Stablecoin payments could be worth more than $1 trillion each year by 2030, according to a joint report from crypto market maker Keyrock and Latin American exchange Bitso.
The report, which was shared on Thursday, says that this projection will come since more businesses, payment firms and people have now started using stablecoins for transactions.
Stablecoins on Track for $1 Trillion Payments
Stablecoins are digital currencies tied to real-world money, like the U.S. dollar, which helps keep their value stable. The report points out that stablecoins are winning over users because they are cheaper and faster than traditional payment methods.
For instance, sending $200 through a bank could cost as much as 13% in fees and take several days to settle before the receiver gets it, while stablecoin transactions can be completed in seconds for a fraction of the cost.
The authors see the foreign exchange market , where $7.5 trillion is traded daily, as a major opportunity. Today, most of these trades are settled two days after the deal (known as T+2) using a chain of banks. Stablecoins could make this much quicker by allowing direct swaps between currencies, with less waiting time and lower risk.
Banks Might Have to Catch Up
The report also said the stablecoins could shake up cross-border payments. With rules that are clear and better systems working together and enough liquidity, stablecoins could handle up to 12% of all global cross-border payment flows by the end of the decade.
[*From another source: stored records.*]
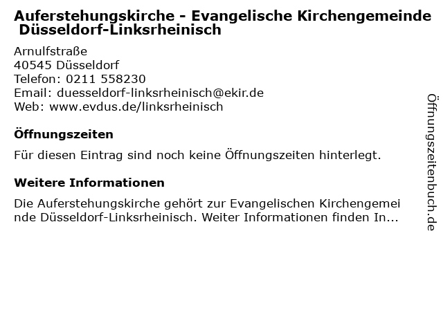 | Auferstehungskirche - Evangelische Kirchengemeinde Düsseldorf-Linksrheinisch anrufen | |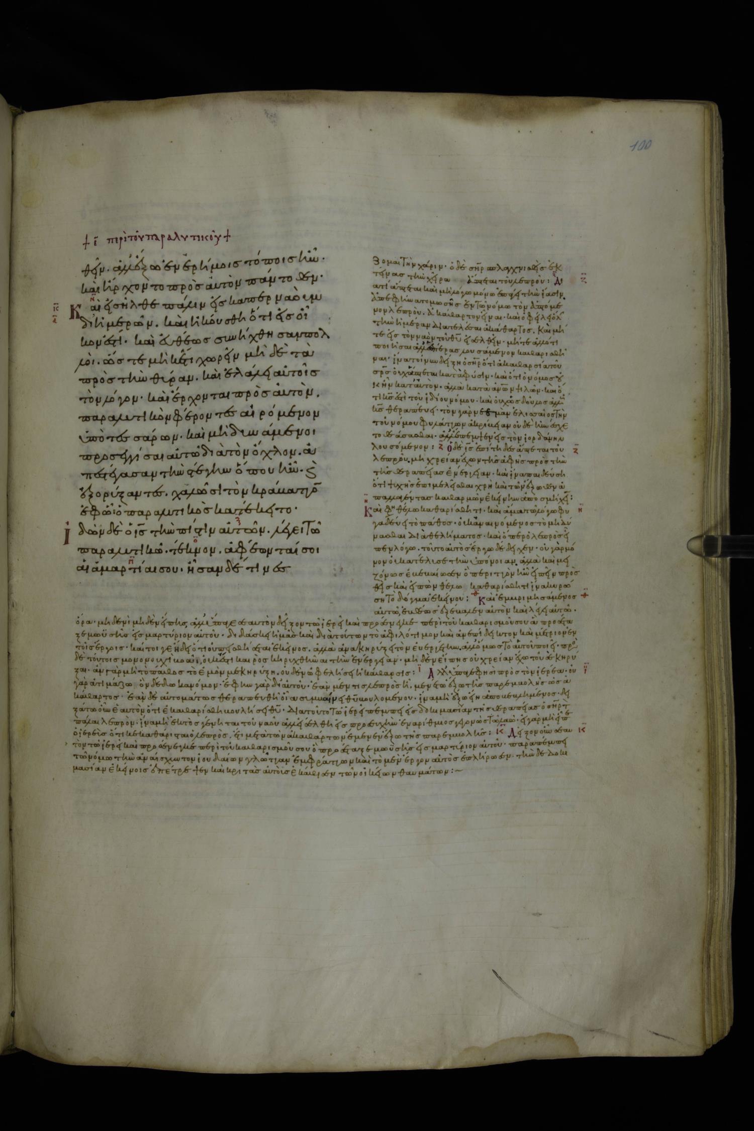 Tenth century minuscule of the Gospels with commentary; 285 leaves, 1 column, 4-34 lines per column. Images were taken at the National Library of Greece in Athens.
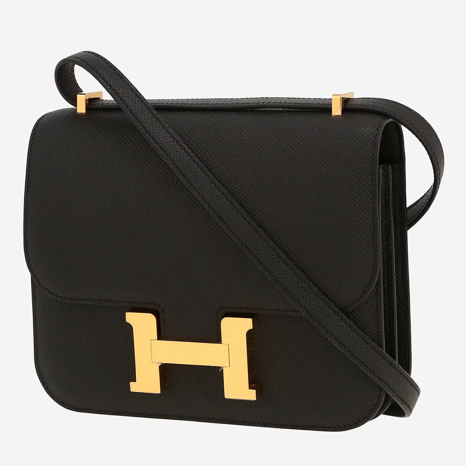 Elegant mini Hermès Constance shoulder bag in black epsom leather, hardware in gilt metal, double convertible strap in black leather allowing the bag to be worn in the hand or on the shoulder or accross the body.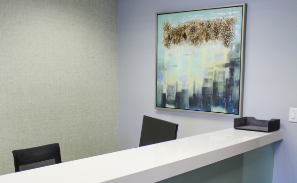 This unit contains a beautiful reception area at the entrance, along with 6 private offices and a kitchenette.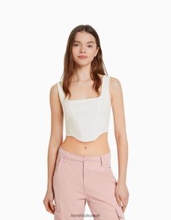 Bershka نحيف اقتصاص أعلى مشد بحزام متماسكة أبيض 804X892 ملابس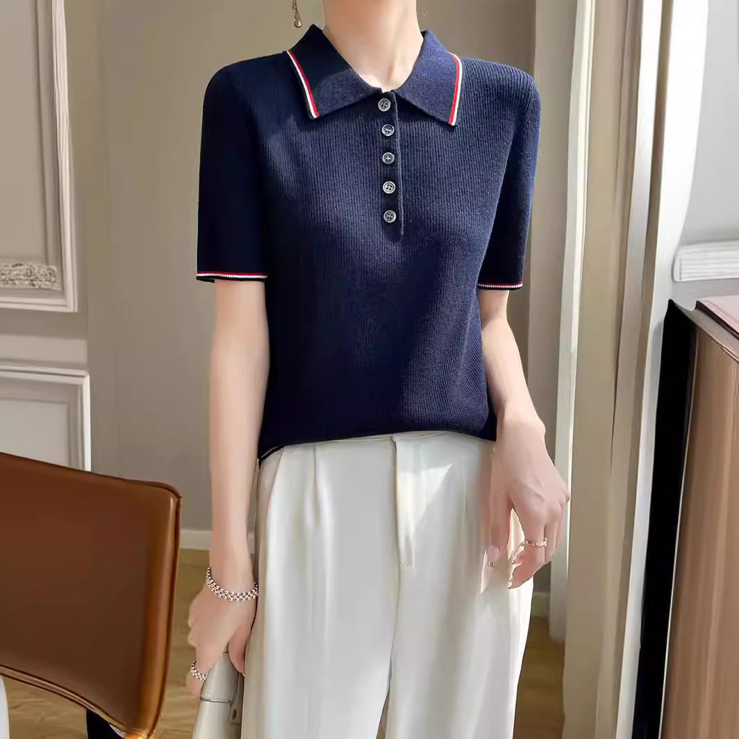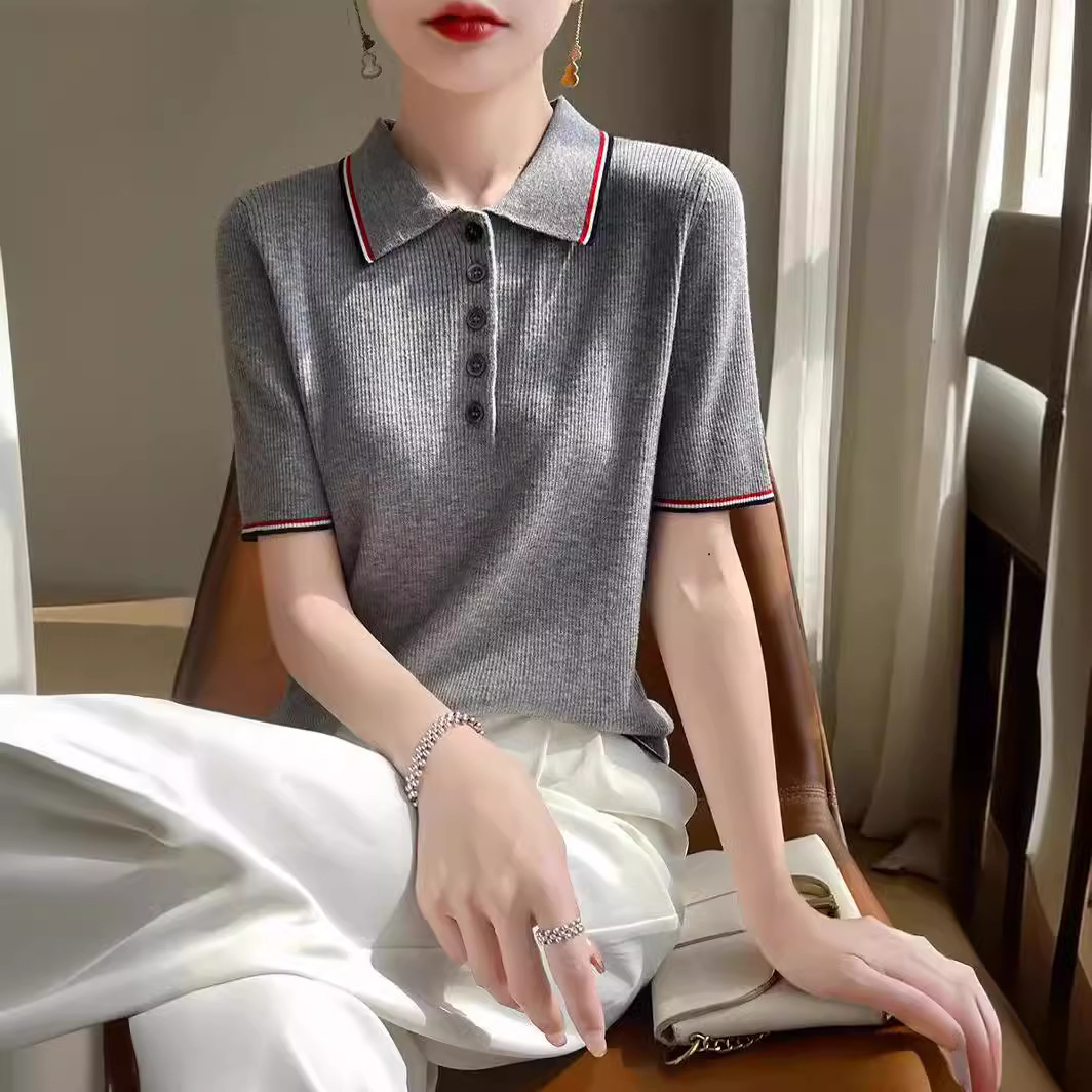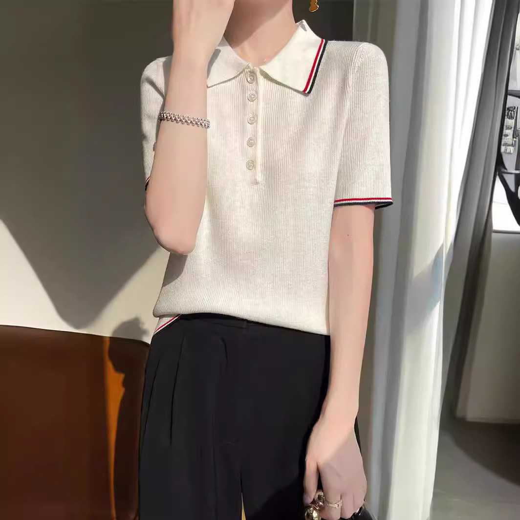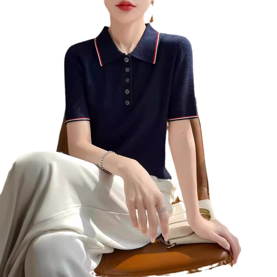 | nameOriginal | Spring and Summer 2024 New Arrival Worsted Wool Colorblock Knitted Short-sleeved T-shirt Women's Polo Collar Half-sleeved Commuter All-match Top |

“Assuming today’s challenges around regulation, liquidity, and interoperability are addressed, stablecoins could account for [about] 12% of global cross-border payment volumes by 2030,” the report states.
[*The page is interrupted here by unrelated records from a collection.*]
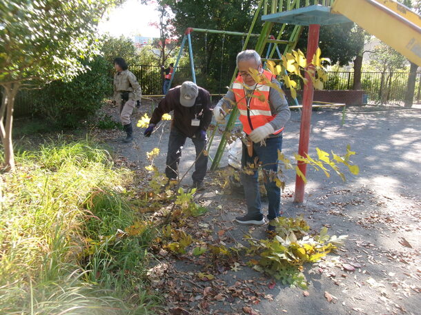 南生田2丁目公園では、地域の方が管理運営協議会として公園内の除草や清掃などの公園愛護活動を行っています。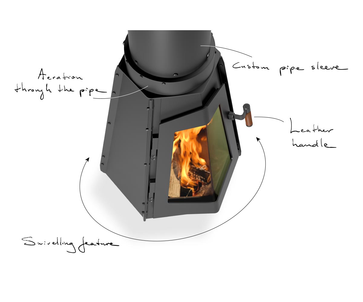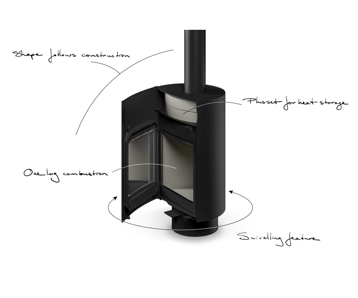 • Einige Modelle sind drehbar, d.h. der Brennkammer- oder Ofenteil kann geschwenkt werden, damit das Feuer aus verschiedenen Blickwinkeln sichtbar wird. Beispiele: Dayna, Hymme, Lynne.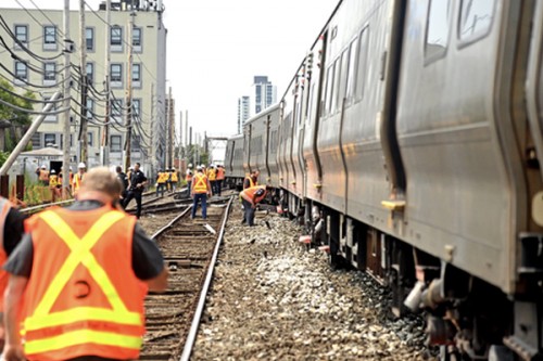 A Long Island Rail Road train was heading toward Hempstead when it derailed east of Jamaica Station at 175th Street and 95th Avenue, in the city's Queens borough, at around 11.12 a.m. on Thursday, according to a Metropolitan Transportation Authority (MTA) official.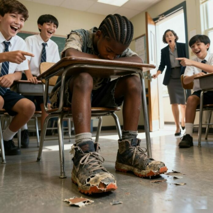 “Olha só os sapatos de palhaço do Malik!”, gritou alguém, e a turma explodiu em gargalhadas. Seus tênis estavam rasgados nas costuras, a sola esquerda pendurada solta como uma aba. Malik sentiu o rosto queimar, mas continuou andando, com os olhos fixos no chão. Ele sabia que não devia responder.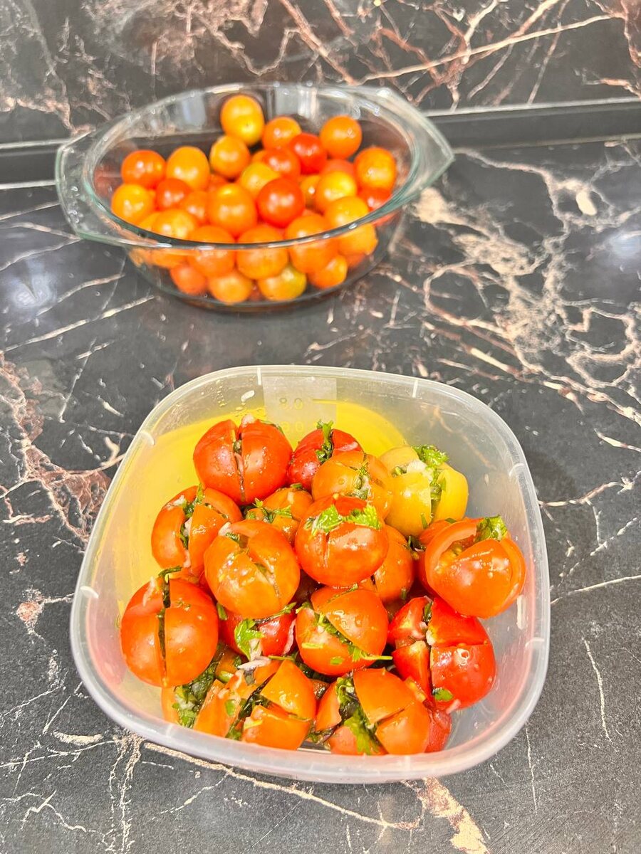 Затем помидоры помещаются в выбранную емкость и отправляются в холодильник на не менее чем час. Это позволит закуске пропитаться всеми вкусами и ароматами и будет идеальным завершением летнего дня.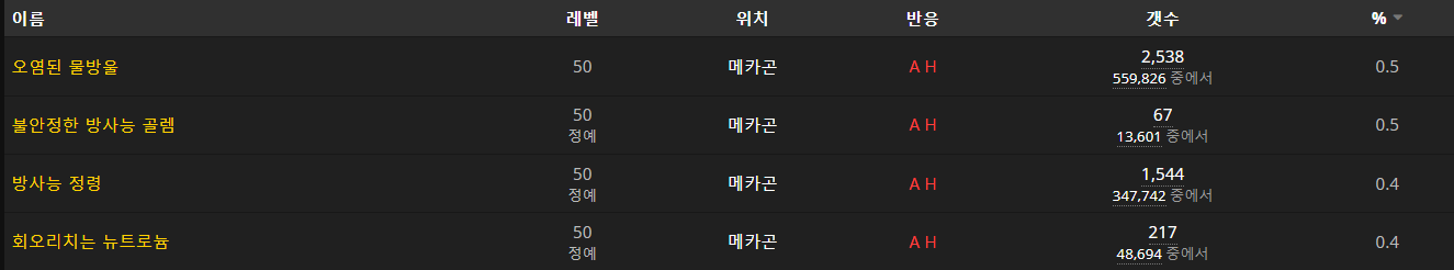 오염된 물방울 / 불안정한 방사능 골렘 / 방사능 정령 / 회오리치는 뉴트로늄을 잡으면 획득가능합니다.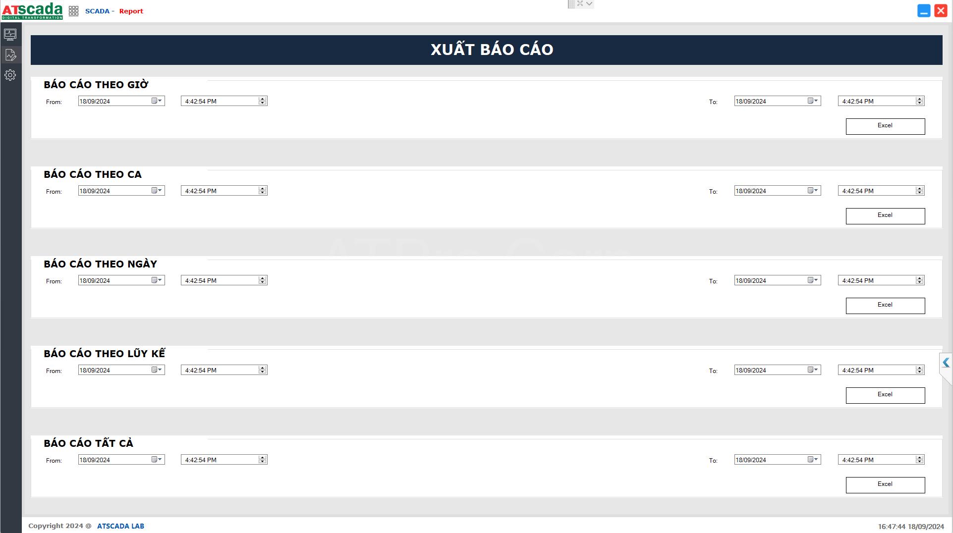 - Tự động lưu trữ dữ liệu, xuất báo cáo Excel và biểu đồ phục vụ đánh giá hiệu suất.

Big Names Are Already Joining the Race
As of 2024, stablecoins make up less than 3% of the $195 billion global remittance market, but the authors expect this number to rise quickly. Both say the key is better regulation and more firms coming in.
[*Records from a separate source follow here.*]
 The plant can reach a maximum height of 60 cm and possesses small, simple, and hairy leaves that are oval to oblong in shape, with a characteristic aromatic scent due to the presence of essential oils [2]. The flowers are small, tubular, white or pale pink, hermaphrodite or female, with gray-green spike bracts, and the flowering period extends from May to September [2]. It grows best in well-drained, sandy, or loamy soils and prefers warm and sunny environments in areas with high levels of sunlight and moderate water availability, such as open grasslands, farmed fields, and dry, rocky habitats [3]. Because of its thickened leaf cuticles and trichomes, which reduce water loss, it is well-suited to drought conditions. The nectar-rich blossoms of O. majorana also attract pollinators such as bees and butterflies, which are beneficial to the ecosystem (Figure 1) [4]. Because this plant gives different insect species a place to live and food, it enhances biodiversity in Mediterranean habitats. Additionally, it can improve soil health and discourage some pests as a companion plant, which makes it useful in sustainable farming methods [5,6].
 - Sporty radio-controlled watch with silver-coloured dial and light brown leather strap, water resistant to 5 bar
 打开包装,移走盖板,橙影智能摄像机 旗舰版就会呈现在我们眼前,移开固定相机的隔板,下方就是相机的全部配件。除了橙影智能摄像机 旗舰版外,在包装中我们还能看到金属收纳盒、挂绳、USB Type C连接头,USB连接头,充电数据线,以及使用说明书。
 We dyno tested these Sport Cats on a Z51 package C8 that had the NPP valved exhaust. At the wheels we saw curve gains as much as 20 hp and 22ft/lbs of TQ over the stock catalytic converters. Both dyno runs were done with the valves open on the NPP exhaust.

Meanwhile, some of these conditions are already taking shape. In July, U.S. President Donald Trump signed the Genius Act into law, which gives legal recognition to stablecoins.
In addition to this, in Europe, the Markets in Crypto-Assets (MiCA) regulations now provide a framework for compliant stablecoin use across the bloc.
These changes are attracting new participants, including fintech companies, payment processors, and even traditional banks, all competing alongside crypto-native leaders such as Tether and Circle.
Both companies are expanding by launching their own blockchains to capture more value from transactions. Payment firm Stripe is reportedly working on a blockchain with MetaMask, and Circle recently launched its own called Arc.
“In the long run, we believe every financial institution will have to support stablecoin infrastructure in some form,” said Devere Bryan, general manager at First Digital, the company behind the FDUSD stablecoin.
The stablecoin market is already valued at over $260 billion and could soon influence global money policy.